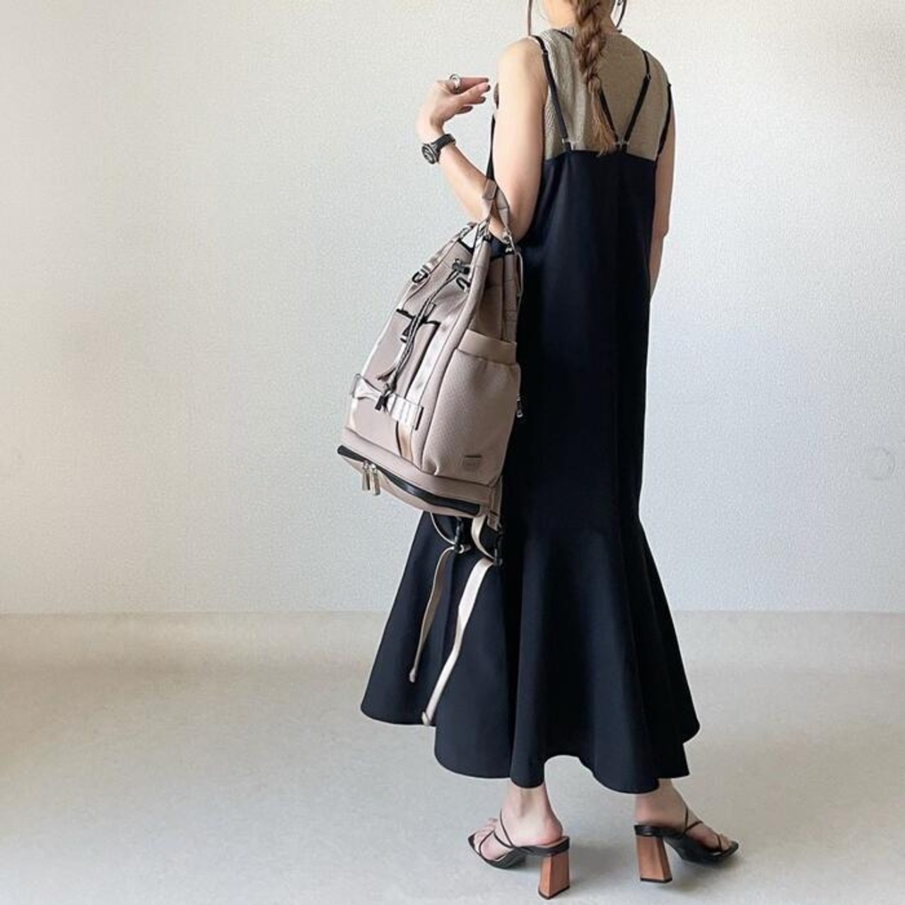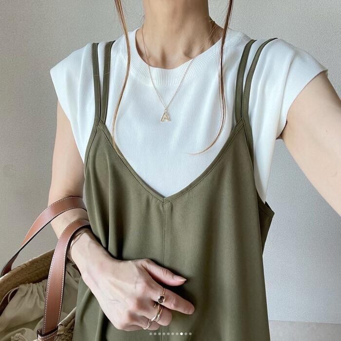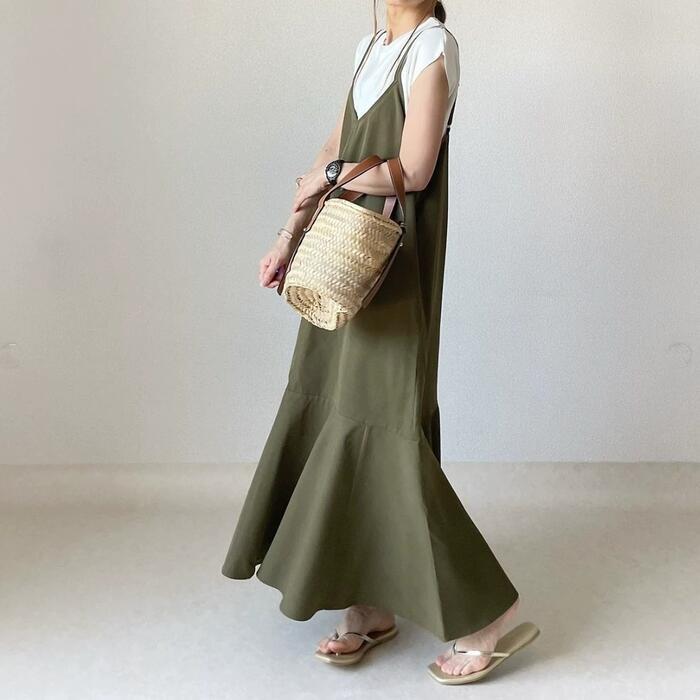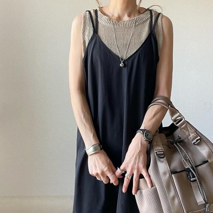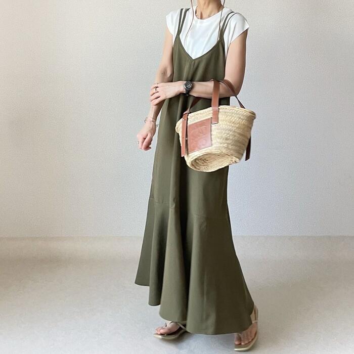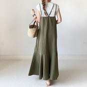 ダブルストラップのキャミソールワンピース。
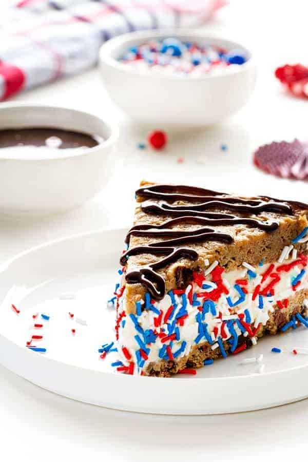 Since we’re having this on the 4th, I’m layering some festive red, white and blue sprinkles around the edge of the cake, but this will work for any holiday – heck, even Christmas! I’m a firm believer that ice cream is good, no matter the temperature outside.
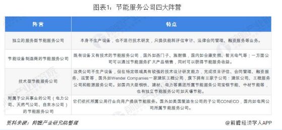 當前中國節(jié)能服務行業(yè)發(fā)展還存在較大的缺陷,首先是規(guī)模小、發(fā)展水平低、市場競爭激烈。其次發(fā)展區(qū)域不均衡,東部地區(qū)遙遙領先;最后是市場競爭出現(xiàn)同質(zhì)化。 未來節(jié)能服務企業(yè)應該在產(chǎn)業(yè)供應鏈方向上整合資源,優(yōu)勢互補,對具有產(chǎn)業(yè)優(yōu)勢的企業(yè),實現(xiàn)兼并聯(lián)合,實現(xiàn)其產(chǎn)業(yè)優(yōu)勢的快速擴張,從而提升企業(yè)應對市場的能力。 節(jié)能服務公司四大陣營,節(jié)能設備制造商的節(jié)能服務公司有較大優(yōu)勢 行業(yè)現(xiàn)狀來看,目前中國節(jié)能服務企業(yè)存在規(guī)模小、發(fā)展水平低,市場競爭激烈、整體的生存狀況較為惡劣的局面。未來在“互聯(lián)網(wǎng)++”戰(zhàn)略全面推薦的時代背景下,城市建設、園區(qū)建設將會更加注重以移動互聯(lián)網(wǎng)、物聯(lián)網(wǎng)、云計算、大數(shù)據(jù)等為代表的信息技術與城市及園區(qū)發(fā)展融合應用。在產(chǎn)城融合的發(fā)展趨勢下,節(jié)能服務公司應該有所探索和嘗試,為向智慧化發(fā)展提供思路。分析認為,節(jié)能服務公司大體可以分為四大陣營,如下表所示:
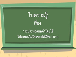 งานนำเสนอ หน่วยที่ 5 เรื่องที่ 2 6 วงเล็บ งานนำเสนอ หน่วยที่ 1 เรื่องที่ 3 การประมวลผลคำโดยใช้ microsoft word 2010
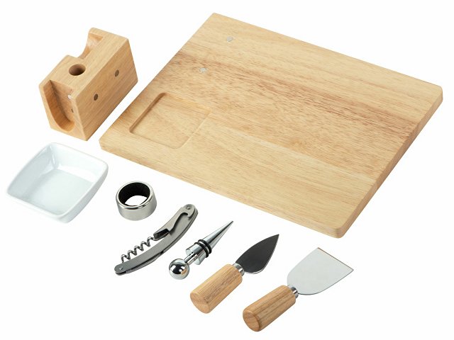 Комплектность: разделочная доска / доска для подачи закусок, соусница / емкость для оливок , штопор, пробка для вина, кольцо для винной буиылки, два сырных ножа
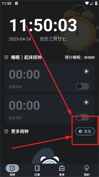 2. 点击首页的“添加”按钮,进入设置新闹钟的页面。
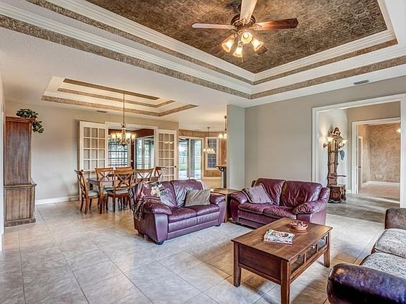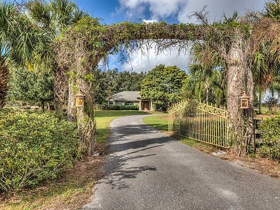 HORSE LOVERS PARADISE ON 10 ACRES- Custom built home with all the upgrades. 2510 square feet of living area with 3 bedrooms and 2 baths with staggered tile in the main living area, and carpet in the bedrooms. Office/den or a 4th bedroom. Spacious living room with tray ceilings with accents. Living room opens up to the dining area and then into the family room overlooking the green pastures and countryside. GOURMET KITCHEN WITH CUSTOM CABINETS granite counter tops, tile backsplash, GE profile appliances, Advantium oven that grills, bakes, and roasts 8 times faster. Master bedroom is large with spacious master bath with double sinks and all glass shower. Perfect home for entertaining and celebrating those family holidays. Lanai with waterfall and all screened measuring 14x30 and insulated. Enjoy those outside BBQ,s with gas grill hooked up to gas line. 8 STALL BARN WITH MAXIMUM VENTILATION WITH CUPOLA ROOF, tack room, and RV parking with hookups. 24x24 WORKSHOP WITH 10 FT DOOR FOR EXTRA STORAGE FOR THOSE TOYS OR LAWN MOWERS AND TRACTOR. Property is fenced and cross fenced with no climb wire fencing with 5 paddocks for rotation and water available for all paddocks. GORGEOUS MAJESTIC OAKS, LUSH GREEN PASTURES, AND BEAUTIFUL GATED ENTRANCE. THERE IS NO PLACE LIKE HOME AND THIS ONE HAS IT ALL. Only 20 minutes to the turnpike.
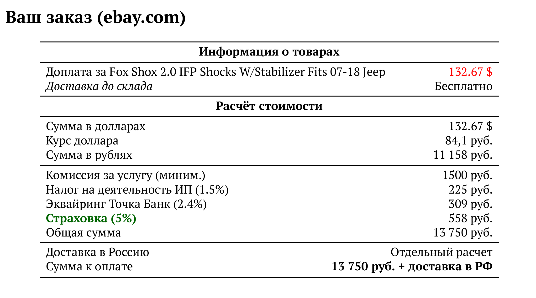 Расчет для ebay.com — 13 750 руб.
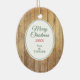 Auf diesem Ornament umgibt ein Holzrahmen aus warmen goldenen Imitaten Ihr eigenes Foto. Der Boden des Fotos wird von einem hübschen immergrünen Bouquet mit roter Birne geschmückt. Eine dünne grüne Linie trennt den Rand des Fotos vom Holzhintergrund. Die Rückseite des Ornaments hat den gleichen Holzrahmen mit einem leeren Interieur für Ihren eigenen Text in rot und dunkelgrün. Gut als Familiengeschenk, besonders für Großeltern und andere Familienmitglieder.
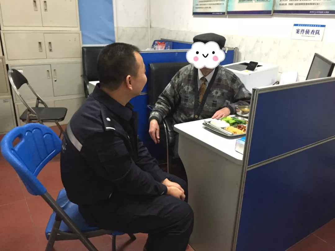 老人與派出所值班民警王研軍講述了自己前來的目的,看見老人一臉疲態(tài),王研軍立即安排地方給老人休息,并安排輔警吳海明供應(yīng)午餐給老人食用。
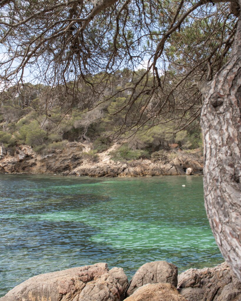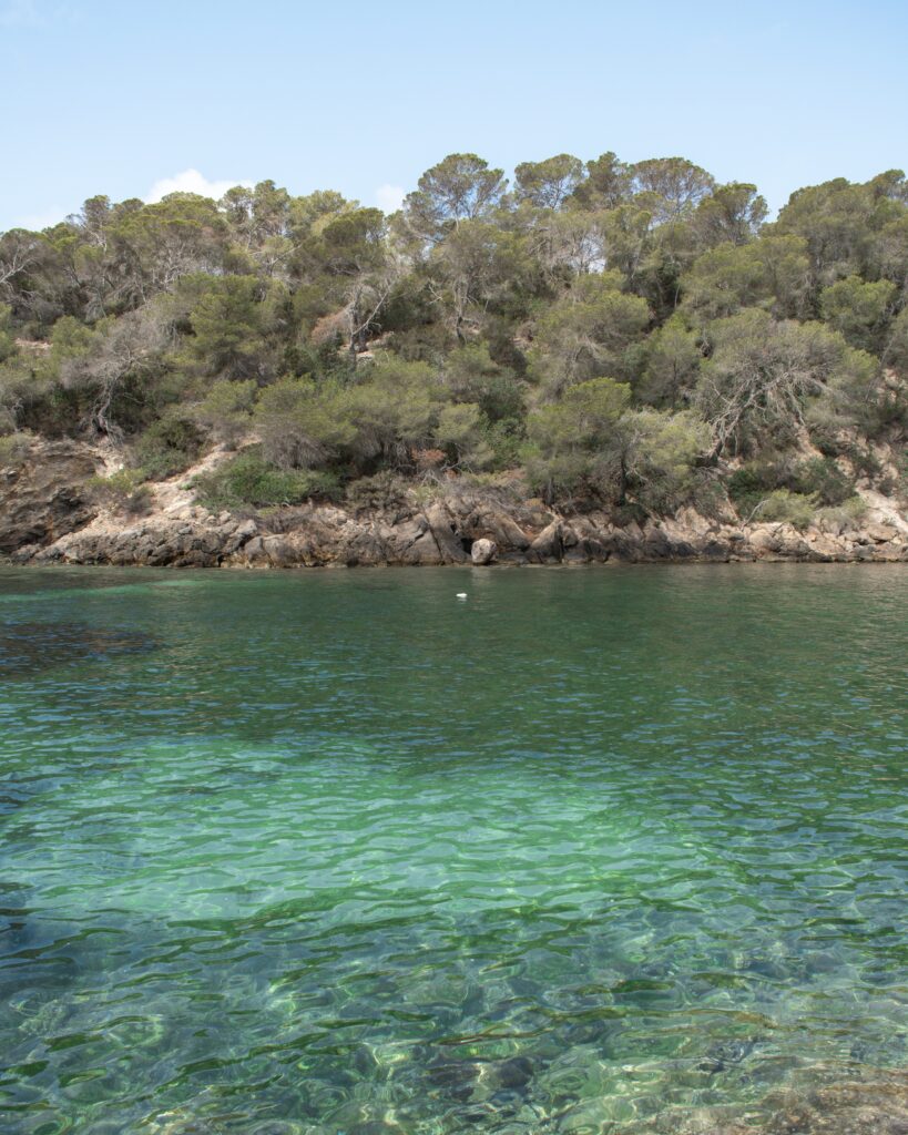 Cala Llyena – a wide stretch of white sand surrounded by pine trees. There is a small kiosk, and sunbeams for rent. The waves can be a bit choppy on a windy day, but on a calm day it is great for families as the water is shallow for a long way out.
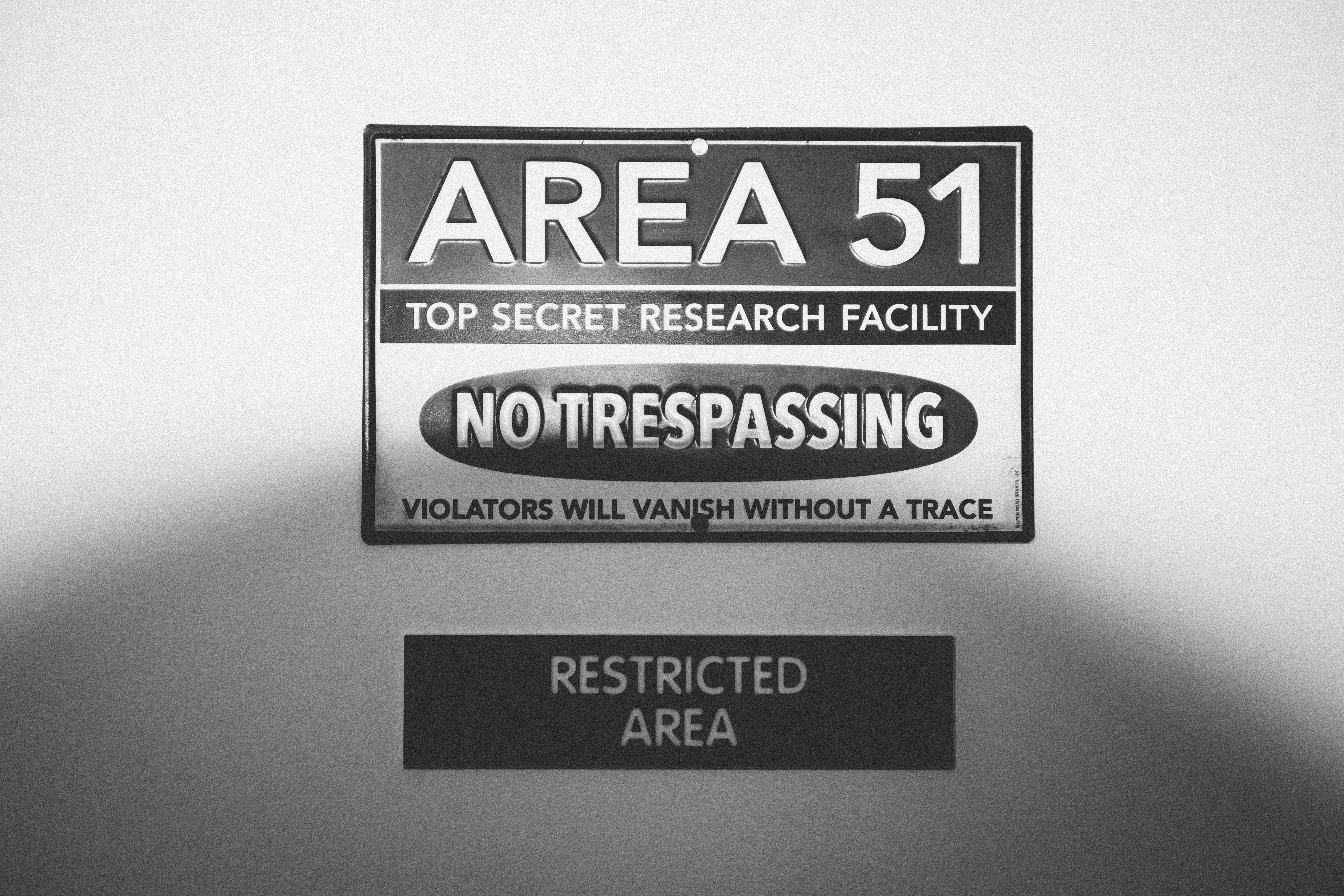 This photograph captures a striking sign warning against trespassing in a restricted area, shrouded in mystery. The high-contrast black and white composition emphasizes the stark seriousness of the message, evoking intrigue and caution. The selective focus on the sign, enhanced by dramatic lighting, creates an atmosphere of secrecy and tension.
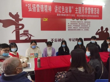 在社区,他们开办“学党史、强担当、优服务”学党史红色课堂,面向社区居民,举办“致敬抗美援朝、争做时代新人”“聆听党的故事、共话百年风华”“学党史、感党恩、树信念”“时代传承、雷锋精神”系列党史学习教育主题宣传活动20余次,受到社区居民和领导的欢迎点赞,《襄阳日报》、襄阳广播电视台、云上襄阳、梯子口社区公众号等媒体多次对活动进行宣传报道。
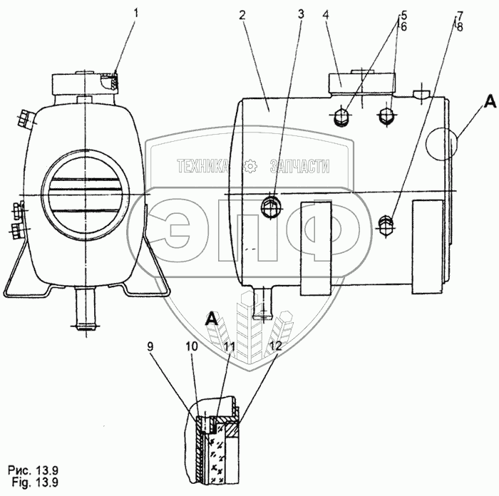 Каталог запасных частей к технике: МЗКТ-65158. Бачок расширительный
========
### Problem
Omitting all pictures, restate exactly the lines of the material from its start through the line that contains "งานนำเสนอ หน่วยที่ 5".

### Worked solution
 ダブルストラップのキャミソールワンピース。
 Since we’re having this on the 4th, I’m layering some festive red, white and blue sprinkles around the edge of the cake, but this will work for any holiday – heck, even Christmas! I’m a firm believer that ice cream is good, no matter the temperature outside.
 當前中國節(jié)能服務行業(yè)發(fā)展還存在較大的缺陷,首先是規(guī)模小、發(fā)展水平低、市場競爭激烈。其次發(fā)展區(qū)域不均衡,東部地區(qū)遙遙領先;最后是市場競爭出現(xiàn)同質(zhì)化。 未來節(jié)能服務企業(yè)應該在產(chǎn)業(yè)供應鏈方向上整合資源,優(yōu)勢互補,對具有產(chǎn)業(yè)優(yōu)勢的企業(yè),實現(xiàn)兼并聯(lián)合,實現(xiàn)其產(chǎn)業(yè)優(yōu)勢的快速擴張,從而提升企業(yè)應對市場的能力。 節(jié)能服務公司四大陣營,節(jié)能設備制造商的節(jié)能服務公司有較大優(yōu)勢 行業(yè)現(xiàn)狀來看,目前中國節(jié)能服務企業(yè)存在規(guī)模小、發(fā)展水平低,市場競爭激烈、整體的生存狀況較為惡劣的局面。未來在“互聯(lián)網(wǎng)++”戰(zhàn)略全面推薦的時代背景下,城市建設、園區(qū)建設將會更加注重以移動互聯(lián)網(wǎng)、物聯(lián)網(wǎng)、云計算、大數(shù)據(jù)等為代表的信息技術與城市及園區(qū)發(fā)展融合應用。在產(chǎn)城融合的發(fā)展趨勢下,節(jié)能服務公司應該有所探索和嘗試,為向智慧化發(fā)展提供思路。分析認為,節(jié)能服務公司大體可以分為四大陣營,如下表所示:
 งานนำเสนอ หน่วยที่ 5 เรื่องที่ 2 6 วงเล็บ งานนำเสนอ หน่วยที่ 1 เรื่องที่ 3 การประมวลผลคำโดยใช้ microsoft word 2010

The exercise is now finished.